(Paris) La participation à la 14e journée de manifestations contre la réforme des retraites mardi en France a été la plus faible depuis le début du mouvement, poussant dirigeants politiques et syndicaux à reconnaître être dans une sorte de fin de « match ».

Cette réforme clé du second mandat d’Emmanuel Macron, qui repousse notamment de 62 à 64 ans l’âge légal de départ à la retraite, avait suscité une mobilisation sans précédent dans le pays et une hostilité d’une partie de la population.

Mais les cortèges étaient plus épars que jamais mardi, avec seulement 281 000 manifestants dans toute la France selon le ministère de l’Intérieur et plus de 900 000 selon la CGT, des chiffres en net recul. Beaucoup ne s’étaient plus déplacés, jugeant que les jeux étaient faits.

À Paris, la CGT a fait état de 300 000 manifestants, contre 31 000 pour les autorités. Quelques incidents, devenus traditionnels, ont éclaté dans certaines villes. Au total, plus de 11 000 policiers et gendarmes étaient mobilisés, dont 4000 à Paris.

L’estimation la plus basse du syndicat remontait au 11 mars avec un million de manifestants dans le pays.

« Aujourd’hui, c’est le fatalisme qui semble l’emporter », constate à Nantes (ouest) Mona Le Goaëc, 55 ans, agent des écoles et militante du syndicat réformiste CFDT. « Il va falloir faire avec et accompagner au mieux les gens dans leurs conditions de travail… ».  

« Le match est en train de se terminer, qu’on le veuille ou non », a déclaré le numéro un de la CFDT, Laurent Berger.  

Il a appelé les syndicats à « peser dans le rapport de forces à venir » sur d’autres sujets comme les salaires ou les conditions de travail.  

« Nous voulons de vraies négociations », a prévenu à ses côtés la dirigeante de la CGT, Sophie Binet. Soulignant que « les retraites resteront toujours un combat », elle a mis en avant l’objectif de « gagner des avancées concrètes ».  
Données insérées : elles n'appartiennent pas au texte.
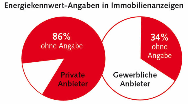 Nach einer Stichprobe der Mietervereine in Berlin, München, Hannover und Stuttgart haben 75 Prozent der Anbieter bei Wohnungsbesichtigungen den Testpersonen den Energieausweis nicht wie gesetzlich vorgeschrieben unaufgefordert vorgelegt. Selbst auf Nachfrage machten 50 Prozent der Vermieter beziehungsweise Makler keinerlei Angaben zur Energieeffizienz ihrer Objekte. Die Deutsche Umwelthilfe (DUH) bestätigt dieses katastrophale Ergebnis. Lediglich 14 Prozent der Immobilienanzeigen privater Vermieter und Verkäufer enthalten die gesetzlich vorgeschriebenen Informationen.
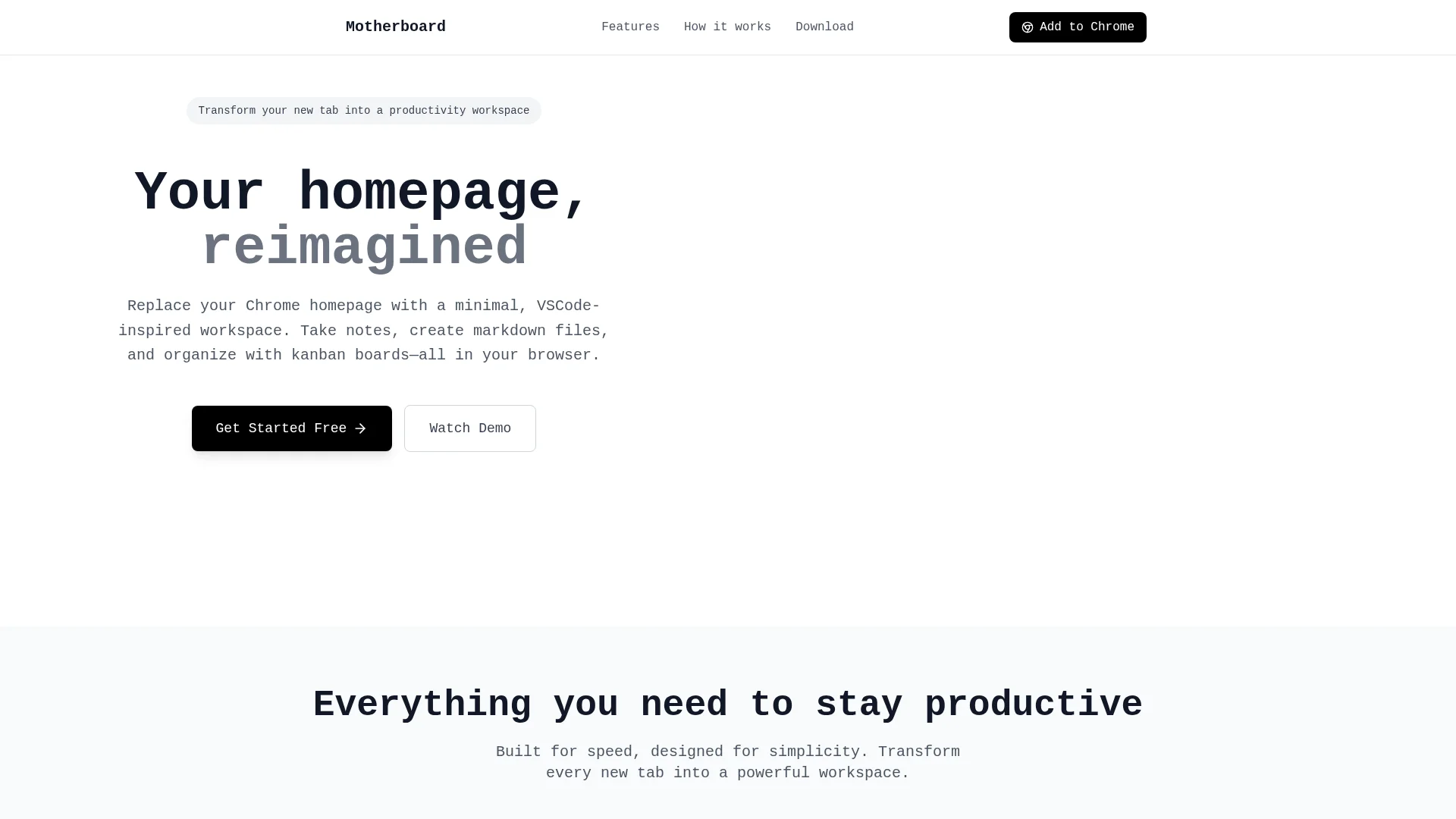 About Motherboard : A VSCode-inspired workspace in your browser for taking notes, creating markdown files, and organizing with kanban boards.
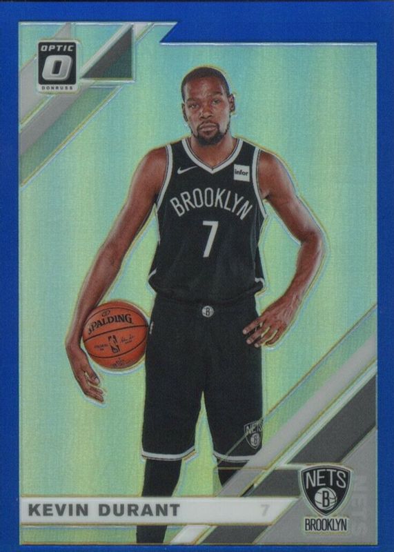 The Kevin Durant 2019 Optic #112 Blue /59 card in Raw condition has not changed in price in the last 30 days and was last sold for $5.00 .
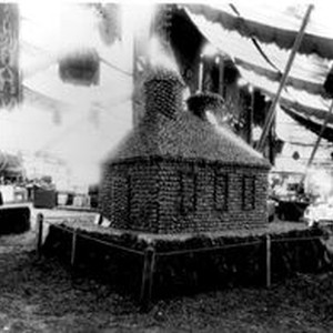 Photo--black and white: 1939 Gravenstein Apple Show display of Ft. Ross made of apples.
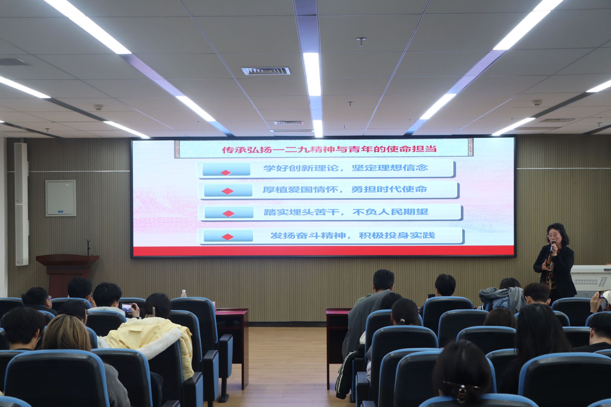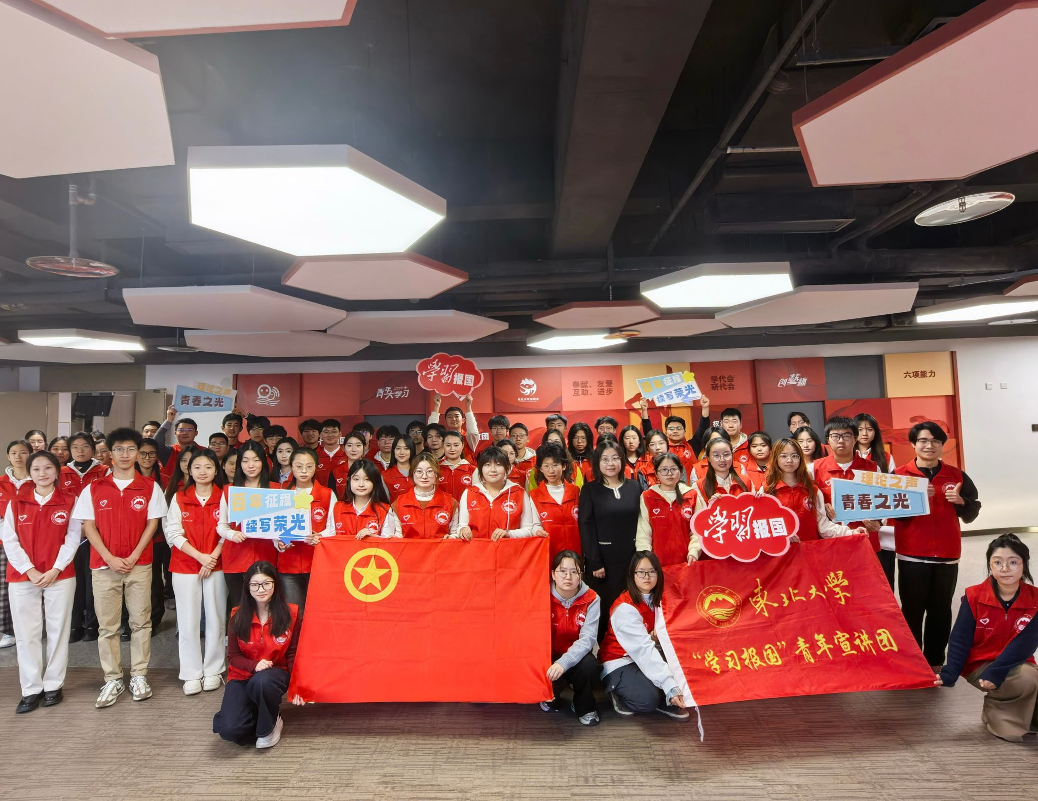 团委通过朋辈引领,激活大学生智能优势,彰显青年担当,实施高水平青春服务行动。东北大学“学习报国”青年宣讲团召开集体备课会,打磨宣讲稿件、制作宣讲“课件包”,走进思政课堂、团支部送课上门,开展专题宣讲90余场。外国语学院团委开展铭记“多语传情承校史红韵,青春共践东大荣光”活动,同学们用英、法、德、日四种语言开展纪念“一二·九”运动主题宣讲,宣传弘扬在抗战洪流中的流亡办学史与爱国担当。计算机科学与工程学院团委组织“传承红色志愿进社区”活动,面向社区居民讲述“一二·九”运动爱国故事,同步开展社区清洁和免费电脑维修服务。医学与生物信息工程学院团委在“一二·九”运动纪念日前后,组织青马学员深入社区、博物馆、中小学开展伟大抗战精神理论宣讲,彰显东大学子的责任与担当。体育部依托青马工程平台,组织学员开展“情暖园地,志愿有我”主题志愿服务活动,在“一二•九园”、刘长春体育馆等校园内红色文化地标开展清扫志愿服务,宣讲东大辉煌体育史。

« L’intersyndicale va rester unie », a-t-elle ajouté, jugeant « probable qu’il y ait d’autres manifestations au vu de la colère dans le pays ».

« Pays fracturé »

Contrairement aux précédentes journées, peu de perturbations ont été recensées dans les écoles comme dans les transports, même si un tiers des vols ont été annulés au départ de l’aéroport de Paris-Orly.  

Selon un mode d’action déjà employé par le passé, le courant électrique a été coupé dans une large zone des Hauts-de-Seine, près de Paris, qui abrite des sièges de médias dont la radio RFI et la chaîne d’information France 24.
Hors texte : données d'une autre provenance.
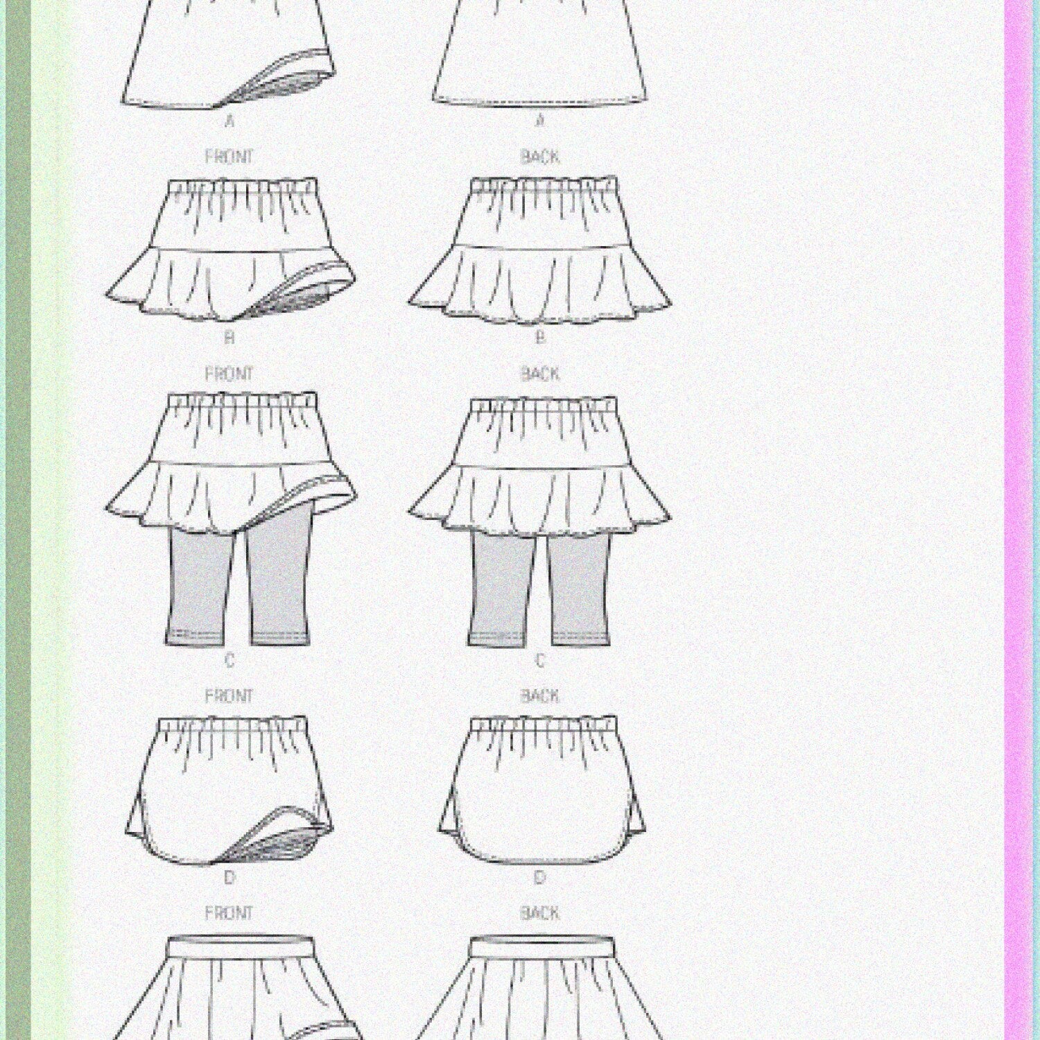 This girls' skort pattern features a narrow hem design with attached leggings and side godets for added style. The skorts have an elasticized waist casing and an elasticized, foldover waistband for a comfortable fit. Designed for lightweight two-way stretch knits, the pattern is suitable for fabrics like jersey and cotton blends. The pattern includes pieces and sewing instructions, making it easy to create a stylish and functional garment. The design incorporates attached shorts for added coverage and mobility. Available in sizes CCE (3-4-5-6), the pattern is ideal for children's girls' sizes. Notions required include 1 yard of 3/4" elastic. The pattern is printed and includes all necessary components to craft a versatile skort with a narrow hem, attached leggings, and side godets, perfect for casual or active wear.
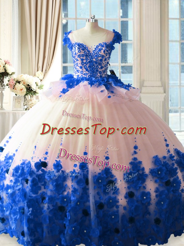 Sleeveless Hand Made Flower Zipper Quince Ball Gowns with Blue And White Brush Train
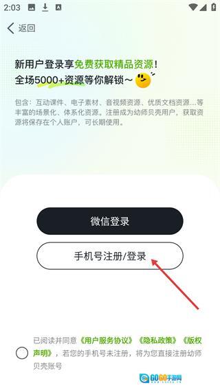进入登录界面,选择【手机号注册/登录】。
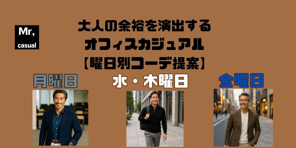 週の中間日にふさわしい、リラックス感と品格を兼ね備えたコーデを完成させることができる、50代メンズ必携のアイテムです。
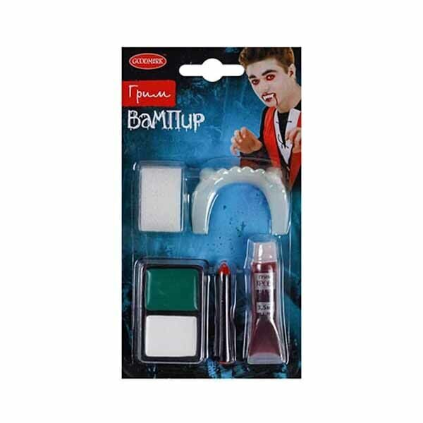 Грим предназначен для нанесения на одежду и кожу, чтобы создать образ Вампира к вечеинке "Хэлоуин". Легко наносится и смывается. Безопасен для детской кожи. Набор включает: зубы, грим в двух цветах (1г зелёного + 1г белого), спонж для нанесения, красный карандаш для макияжа (1.6г), тюбик грима "Кровь" (3.5ml).
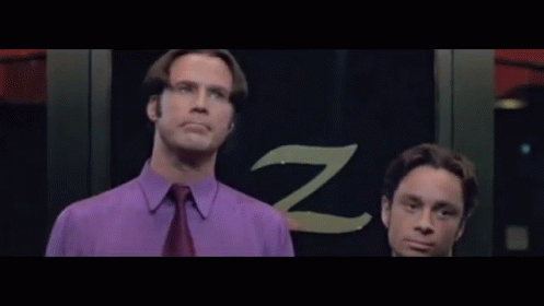 Will Ferrell and Chris Kattan doing their iconic head bob from Night at the Roxbury, wearing purple shirts and ties.
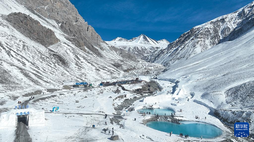 12月25日,游客在青海省海北藏族自治州門源回族自治縣的崗什卡雪峰景區(qū)內游玩。(新華社記者 張龍 攝)

Dans la même veine d’action coup de poing : le siège du Comité d’organisation des JO-2024 a été brièvement envahi par des militants CGT.

Le sentiment de lassitude était aussi visible chez les dirigeants politiques mobilisés contre la loi phare de ce second mandat de M. Macron.

« La lutte continuera », a promis le chef de la gauche radicale Jean-Luc Mélenchon, sans savoir « sous quelle forme », tandis que celle des Verts, Marine Tondelier, a estimé que le gouvernement n’avait « pas gagné ».

« Les jeux ne sont pas faits », a martelé M. Mélenchon. « Il s’est passé quelque chose d’extraordinaire et qui laissera une marque indélébile dans l’esprit des Français », a-t-il affirmé.

« Le président a un pays plus fracturé que jamais, les Français, en dépit de ses efforts de passer à une autre séquence, veulent en rester à la question des retraites », a pour sa part dit le premier secrétaire du Parti socialiste (PS) Olivier Faure.

Mais le camp présidentiel entend avancer, comme en témoigne la publication dimanche au Journal officiel des deux premiers décrets d’application, dont celui portant progressivement l’âge légal de la retraite à 64 ans.

Les oppositions tenteront donc jeudi de soutenir à l’Assemblée une proposition de loi visant à abroger la réforme, mais cette initiative a peu de chances d’aboutir.

Pour la droite, « le match est joué », a estimé le chef des sénateurs Les Républicains (LR) Bruno Retailleau.

La cote de popularité du chef de l’État rebondit légèrement, à 31 % d’opinions favorables contre 29 % lors des deux mois précédents, mais celle de sa première ministre Élisabeth Borne recule de 4 points à 26 %, soit son niveau le plus bas, selon un sondage publié mardi.